Ariadne lets users choose between non-compiled generated execution and
`torch.compile` optimized execution at preparation time:

- `debug_interpreter`: slow interpreter execution for validation and debugging.
- `generated_eager`: default generated prefix/suffix segment execution. Use this
  for short-lived scripts, CPU-only environments, correctness checks, or when
  the expected number of calls is too small to pay back compile cost.
- `compiled`: applies `torch.compile` to generated segments after preparation.
  Use this for long-lived GPU services or repeated same-model, same-shape
  workloads where startup warmup can happen outside the online request path.

Split retain training uses `prepare_split(...)` in either mode:

```python
runtime = prepare_split(
    model,
    example_inputs=(x,),
    split=spec,
    mode="generated_eager",  # or "compiled"
)
```

Inference-only split replay can use `prepare_split_replay(...)`. Compiled replay
uses segment-level compilation, so `run_prefix()` still returns a lightweight
`ReplayBoundary` and `run_suffix(boundary)` consumes that explicit intermediate
feature object:

```python
from ariadne import prepare_split_replay

replay_runtime = prepare_split_replay(
    model,
    example_inputs=(x,),
    split=spec,
    mode="compiled",  # or "generated_eager"
)

replay_runtime.warmup(x)              # trigger compile before measuring/serving
boundary = replay_runtime.run_prefix(x)
output = replay_runtime.run_suffix(boundary)
```

The default compiled replay options target low-overhead GPU inference with
Inductor.

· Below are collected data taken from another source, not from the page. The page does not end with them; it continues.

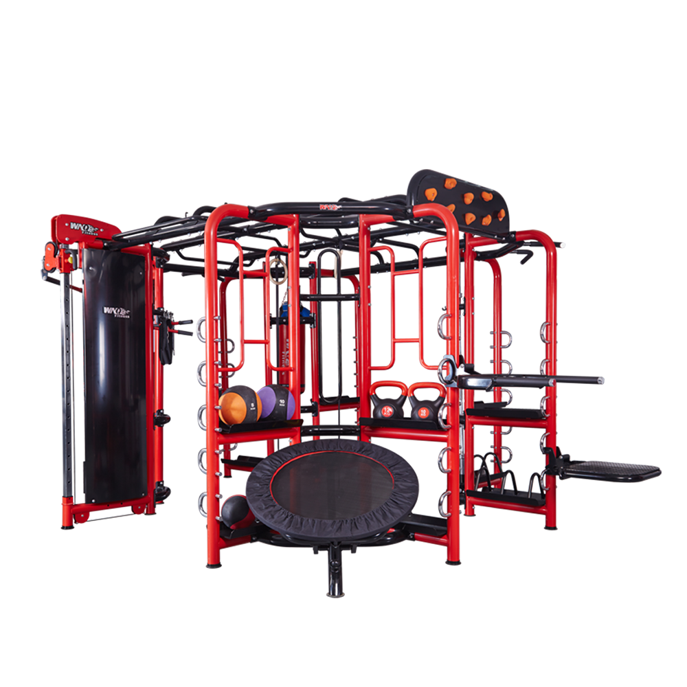 • 功能 可最少提供15人同时练习,20种以上的练习方式,以下只列出一些常用的练习项目:弹力球运动、双杆、甩绳、单杆引体向上、拉力练习、二头肌运动、深蹲训练、平拉训练、沙袋拳击、踏板运动、吊绳、单边举重杆、攀岩训练、天梯攀爬、敏捷梯、吊环、壶铃等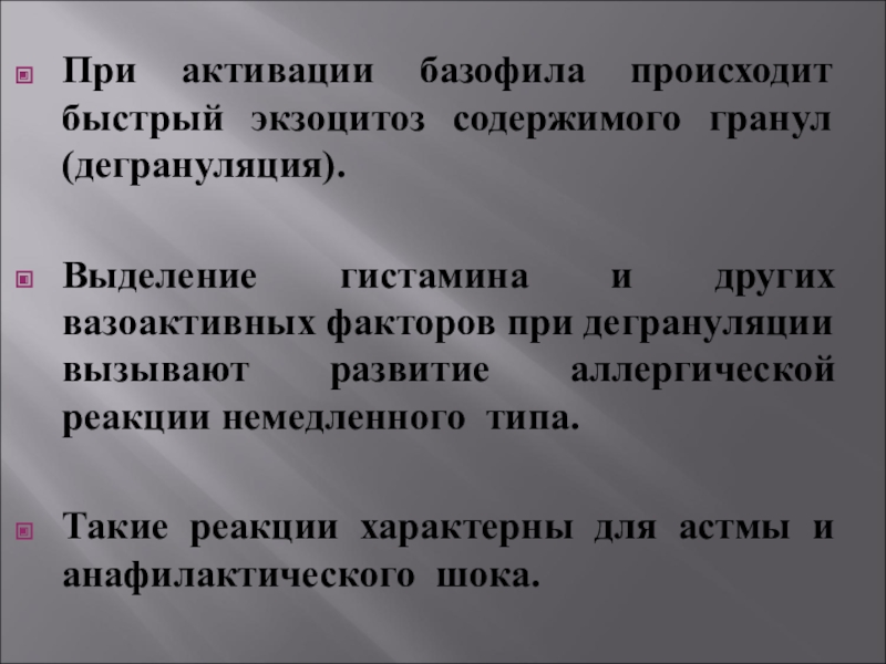 Слайд 26При активации базофила происходит быстрый экзоцитоз содержимого гранул (дегрануляция).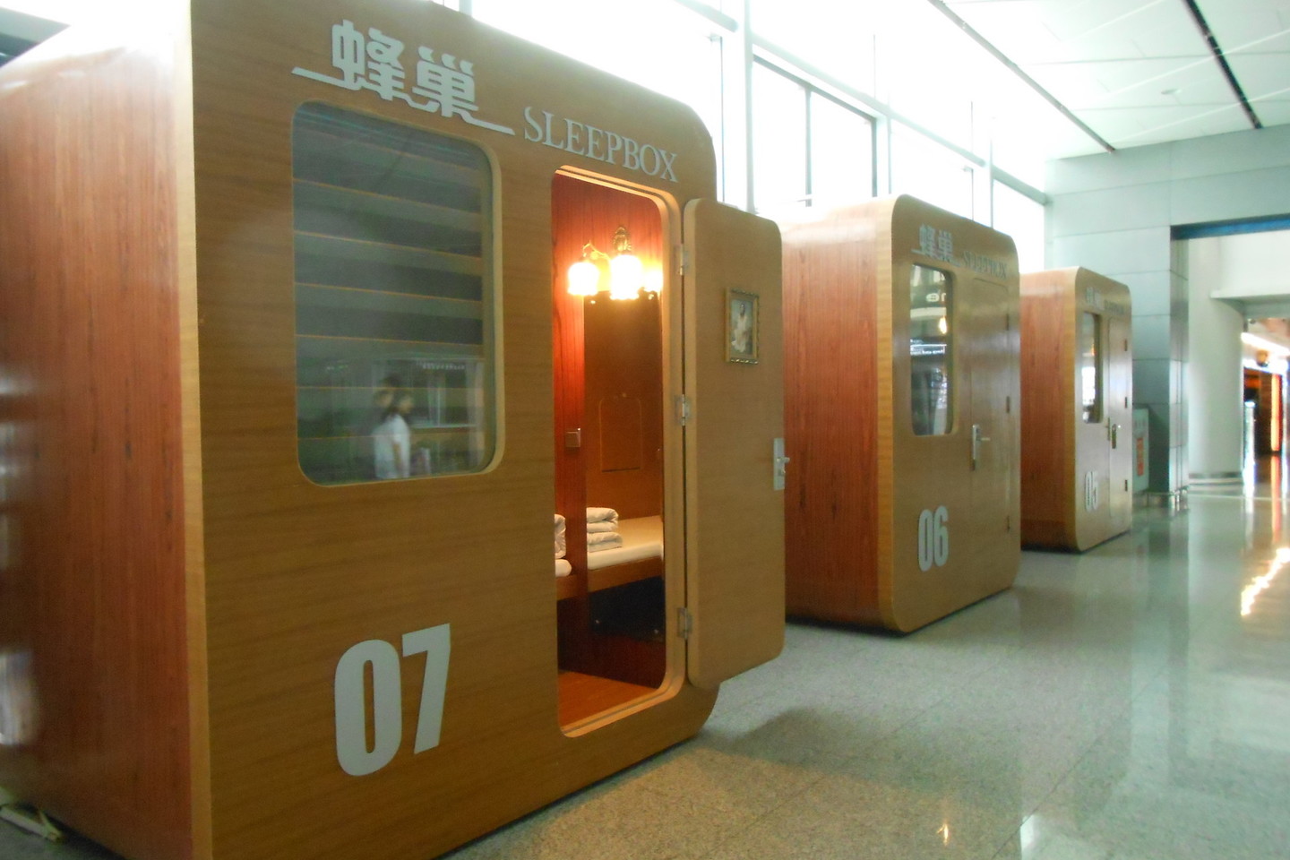 Kinijos miesto Siano oro uoste trečiajame terminale rikiuojasi 20 miegadėžių. Šis medinis namukas viso labo 3 kvadratinių metrų ploto. Čia yra ne tik lovos, bet ir televizorius, lempa, lentyna ir galimybė naudotis nemokamai internetu.

Custom options can still be passed when a deployment needs a different
backend or stricter control:

```python
runtime = prepare_split(
    model,
    example_inputs=(x,),
    split=spec,
    mode="compiled",
    compile_options={"backend": "inductor", "mode": "reduce-overhead", "dynamic": True},
)
```

### Choosing Eager or Compiled

`torch.compile` changes where time is spent: the steady-state calls can be
faster, but the first compiled call pays a cold-start cost. Ariadne benchmarks
therefore report both steady-state latency and compile overhead.

- Choose `generated_eager` when the process handles only a few batches, when
  startup latency matters more than steady-state throughput, or when the target
  CPU/GPU toolchain does not compile reliably.
- Choose `compiled` when the runtime is reused for many calls, especially on
  CUDA GPUs. For replay runtimes, call `warmup(...)` during service startup;
  for split retain, run one representative training round before measuring or
  serving latency-sensitive traffic.
- Benchmark the target machine before setting a global default. CPU
  `torch.compile` may work in some environments, but it is not automatically
  faster and may require a working native compiler stack.

Measure steady-state replay optimization:

```bash
uv run --extra integration python examples/replay_optimization_timing.py \
  --models resnet50 mobilenet --batches 4 32 256 \
  --iterations 50 --warmup 20 --backend torch_compile
```

Measure compile overhead and break-even iterations:

```bash
uv run --extra integration python examples/compile_overhead_timing.py \
  --models resnet50 mobilenet --modes replay retain --batches 4 32 256 \
  --iterations 20 --warmup 5 --require-cuda
```

## Benchmarking

`ariadne.benchmark` includes utilities for measuring direct PyTorch forward,
debug/generated/compiled prefix+suffix execution, suffix-only replay, suffix
training, and prefix backward. Results include average latency, total latency,
batch size, split id, execution mode, and optional CUDA peak memory.

## Current Limitations

- The default tracer uses `TorchDispatchMode` runtime interception and records the
  observed forward path.
- Alias, mutation, RNG, FLOP, and memory metadata are intentionally lightweight.
- Segment generation supports verified structured boundaries from prepared
  observed paths, including a batch>1 structural variant when batch=1 tracing
  needs it.
- Whole dynamic `split`/`chunk`/`unbind` sequences can replay inside a segment
  or cross a split boundary through the structured payload. Unsupported
  element-wise dynamic sequence use is rejected at preparation time.
- Dynamic non-batch dimensions are reserved for future SplitSpec extensions.
- Shape expressions cover direct and affine batch-derived dimensions; more
  complex non-affine shape arithmetic is still limited.